Alexandre V

Papa grego, nascido em Creta, chamava-se Pedro Philarghi e era originário de uma família modesta. Tornou-se frade franciscano, tendo estudado nas cidades de Pádua, Oxford e Norwich. Foi professor da cátedra de Sentenças de Pedro Lombardo e no ano de 1381 foi-lhe dado o título de doutor na Universidade de Paris. Deslocou-se posteriormente para Pavia, tendo sido bispo de Vincenza, Piacenza e Novara, até obter o cargo de arcebispo de Milão em 1402. Foi igualmente legado papal (de Inocêncio VII) na Lombardia, sendo já cardeal.
Este franciscano foi eleito papa em 29 de junho de 1409 (governando a Igreja até 3 de maio de 1410), em pleno Concílio de Pisa, que se realizou entre quinze de março de 1409 e sete de agosto desse mesmo ano. A sua nomeação surgiu na sequência da deposição feita pelos participantes neste Concílio dos papas Gregório XII e Bento XIII, uma vez que estes não quiseram abdicar e foram então acusados de prejudicar a estabilidade da Igreja com o cisma entre Avinhão e Roma. Pedro Philarghi tinha estado inicialmente junto a Gregório XII, tendo-se juntado aos cardeais que depois o abandonaram para realizar o concílio em Pisa, com o intuito de finalmente resolver o problema que estava a afetar tão gravemente toda a Cristandade. Neste contexto, logo na primeira sessão, Philarghi defendeu a legitimidade dos cardeais em convocar um concílio, ato que até a essa data era privilégio único dos pontífices.

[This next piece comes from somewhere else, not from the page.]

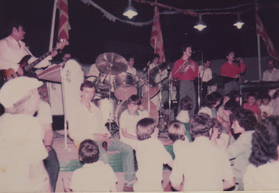 En plena revetlla de Sant Joan, al barri de Vilartagues, de Sant Feliu de Guíxols, amb el cantant Jordi Cort (camisa vermella, a la dreta) i el muntador de l'orquestra, a qui li deien en "Tejero", que es vestia com el cantant i feia com si fós el segon cantant (camisa vermella, a l'esquerra), amb la sana intenció de "lligar"
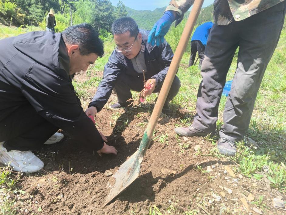 田间地头,师生们与农户一起挥锹挖坑、栽苗培土。研究生一边劳作一边与农户交流:"大叔,您看这个根系使他舒展一点放,坑再浅一点,成活率会更高。"研究生们一边栽苗,一边讲解栽培要点。"这些老员工干活踏实,讲的技术也清楚。"水头村焦书记竖起了大拇指。

A vida virtuosa do franciscano levou à sua eleição, por sugestão de Baldassare Cossa (que seria o papa João XXIII). Contudo, assim que se sentou no trono papal, Alexandre V tomou medidas de nepotismo. Além destas também legitimou o Concílio, essencial para que mais tarde não pudesse ser posto em causa, assim como o direito da casa francesa de Anjou à cidade de Nápoles, controlada pelo rei Ladislau. Este, que foi também excomungado, era o principal aliado do papa Gregório XII.
Alexandre V residiu em Bolonha desde a sua nomeação até à data da sua morte, em 1410.